##### Dataset #####

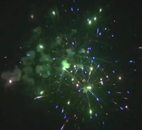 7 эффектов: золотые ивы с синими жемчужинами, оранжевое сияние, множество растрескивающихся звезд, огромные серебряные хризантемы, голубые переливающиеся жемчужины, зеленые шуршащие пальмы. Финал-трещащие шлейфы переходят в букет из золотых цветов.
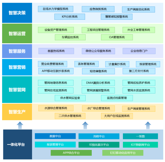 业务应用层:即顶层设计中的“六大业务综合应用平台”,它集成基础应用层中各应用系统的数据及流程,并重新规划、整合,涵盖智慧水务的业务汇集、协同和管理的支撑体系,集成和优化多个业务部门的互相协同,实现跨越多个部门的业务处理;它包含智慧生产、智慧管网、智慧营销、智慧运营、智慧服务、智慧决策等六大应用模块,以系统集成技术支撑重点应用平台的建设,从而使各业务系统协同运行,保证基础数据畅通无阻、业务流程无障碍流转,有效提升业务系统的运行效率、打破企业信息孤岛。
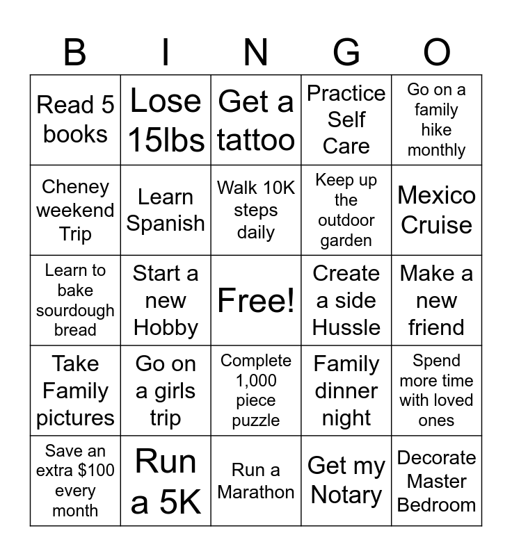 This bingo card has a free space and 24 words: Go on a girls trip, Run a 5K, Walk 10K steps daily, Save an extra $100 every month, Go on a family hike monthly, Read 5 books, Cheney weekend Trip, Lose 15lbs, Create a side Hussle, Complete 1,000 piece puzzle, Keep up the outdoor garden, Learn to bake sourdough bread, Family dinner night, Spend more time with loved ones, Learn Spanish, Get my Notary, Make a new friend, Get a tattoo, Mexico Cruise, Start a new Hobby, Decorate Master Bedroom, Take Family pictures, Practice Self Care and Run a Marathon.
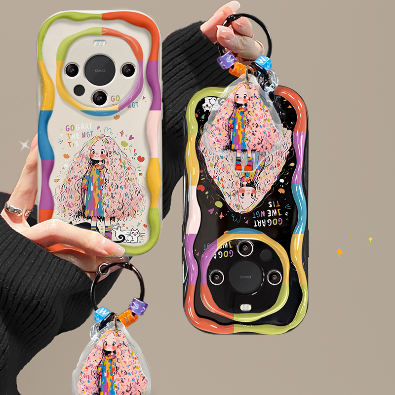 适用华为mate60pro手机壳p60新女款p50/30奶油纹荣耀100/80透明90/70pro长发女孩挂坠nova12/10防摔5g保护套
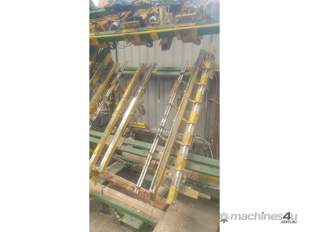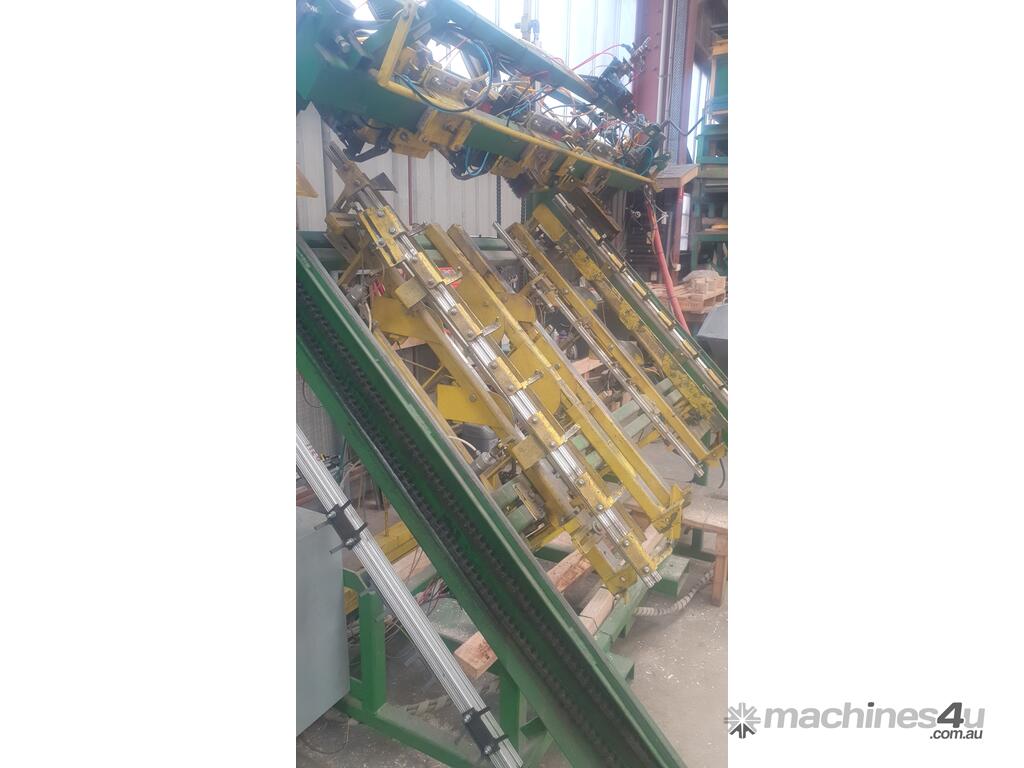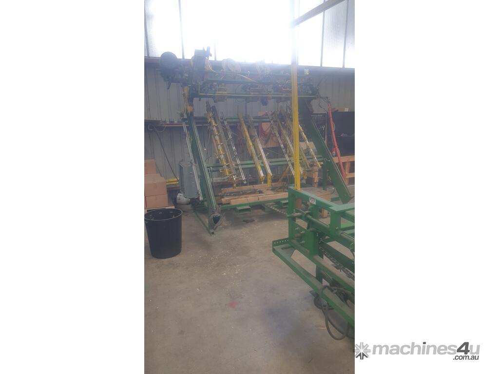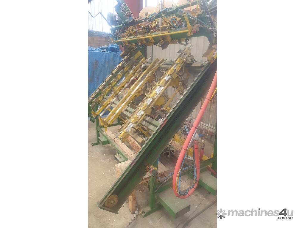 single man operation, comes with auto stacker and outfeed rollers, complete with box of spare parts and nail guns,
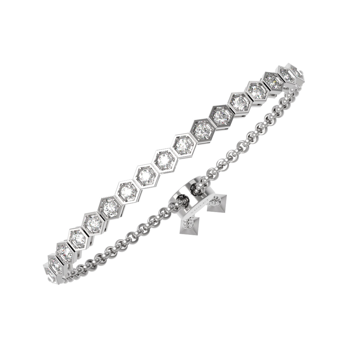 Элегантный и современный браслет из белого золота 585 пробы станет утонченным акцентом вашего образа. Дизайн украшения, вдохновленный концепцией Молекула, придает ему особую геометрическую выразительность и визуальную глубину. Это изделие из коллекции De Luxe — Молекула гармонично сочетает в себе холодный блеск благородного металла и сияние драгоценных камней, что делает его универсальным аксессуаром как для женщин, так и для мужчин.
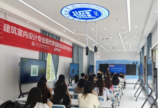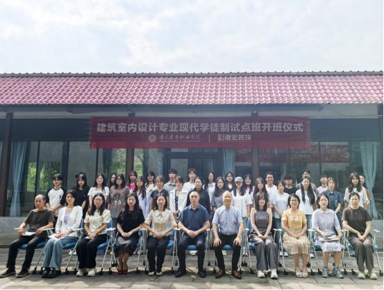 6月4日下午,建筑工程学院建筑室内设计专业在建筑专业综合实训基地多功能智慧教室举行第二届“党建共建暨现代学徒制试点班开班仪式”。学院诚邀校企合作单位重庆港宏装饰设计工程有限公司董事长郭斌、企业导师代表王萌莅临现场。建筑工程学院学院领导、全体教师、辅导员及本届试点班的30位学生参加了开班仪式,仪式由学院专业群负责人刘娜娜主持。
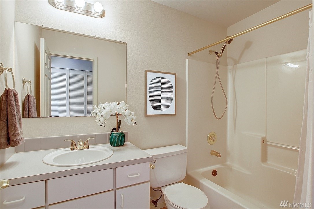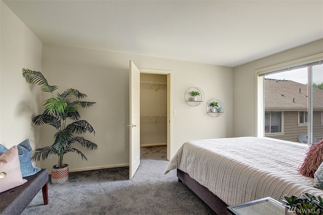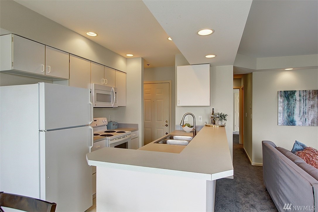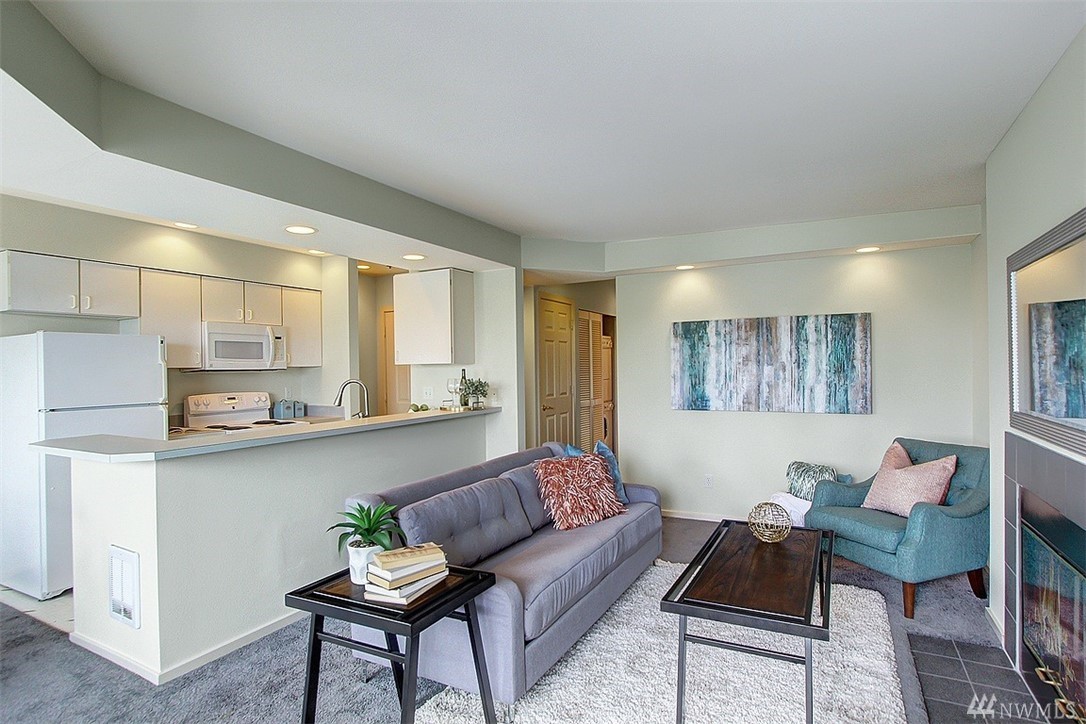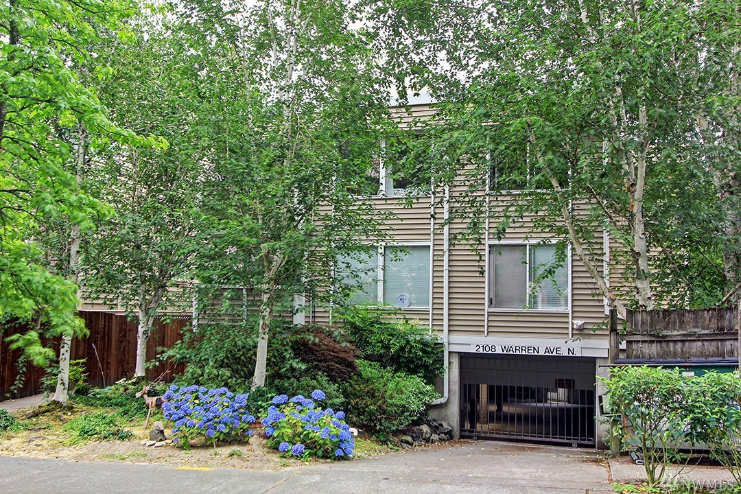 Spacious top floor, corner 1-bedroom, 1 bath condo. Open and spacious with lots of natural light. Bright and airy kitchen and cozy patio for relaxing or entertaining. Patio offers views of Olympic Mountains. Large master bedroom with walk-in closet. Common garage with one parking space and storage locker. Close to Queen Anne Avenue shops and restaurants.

#####

> Activity:
Please write out the lines above exactly, from the one that contains "This bingo card" through the final line, and include none of the pictures.

> Task answer:
 This bingo card has a free space and 24 words: Go on a girls trip, Run a 5K, Walk 10K steps daily, Save an extra $100 every month, Go on a family hike monthly, Read 5 books, Cheney weekend Trip, Lose 15lbs, Create a side Hussle, Complete 1,000 piece puzzle, Keep up the outdoor garden, Learn to bake sourdough bread, Family dinner night, Spend more time with loved ones, Learn Spanish, Get my Notary, Make a new friend, Get a tattoo, Mexico Cruise, Start a new Hobby, Decorate Master Bedroom, Take Family pictures, Practice Self Care and Run a Marathon.
 适用华为mate60pro手机壳p60新女款p50/30奶油纹荣耀100/80透明90/70pro长发女孩挂坠nova12/10防摔5g保护套
 single man operation, comes with auto stacker and outfeed rollers, complete with box of spare parts and nail guns,
 Элегантный и современный браслет из белого золота 585 пробы станет утонченным акцентом вашего образа. Дизайн украшения, вдохновленный концепцией Молекула, придает ему особую геометрическую выразительность и визуальную глубину. Это изделие из коллекции De Luxe — Молекула гармонично сочетает в себе холодный блеск благородного металла и сияние драгоценных камней, что делает его универсальным аксессуаром как для женщин, так и для мужчин.
 6月4日下午,建筑工程学院建筑室内设计专业在建筑专业综合实训基地多功能智慧教室举行第二届“党建共建暨现代学徒制试点班开班仪式”。学院诚邀校企合作单位重庆港宏装饰设计工程有限公司董事长郭斌、企业导师代表王萌莅临现场。建筑工程学院学院领导、全体教师、辅导员及本届试点班的30位学生参加了开班仪式,仪式由学院专业群负责人刘娜娜主持。
 Spacious top floor, corner 1-bedroom, 1 bath condo. Open and spacious with lots of natural light. Bright and airy kitchen and cozy patio for relaxing or entertaining. Patio offers views of Olympic Mountains. Large master bedroom with walk-in closet. Common garage with one parking space and storage locker. Close to Queen Anne Avenue shops and restaurants.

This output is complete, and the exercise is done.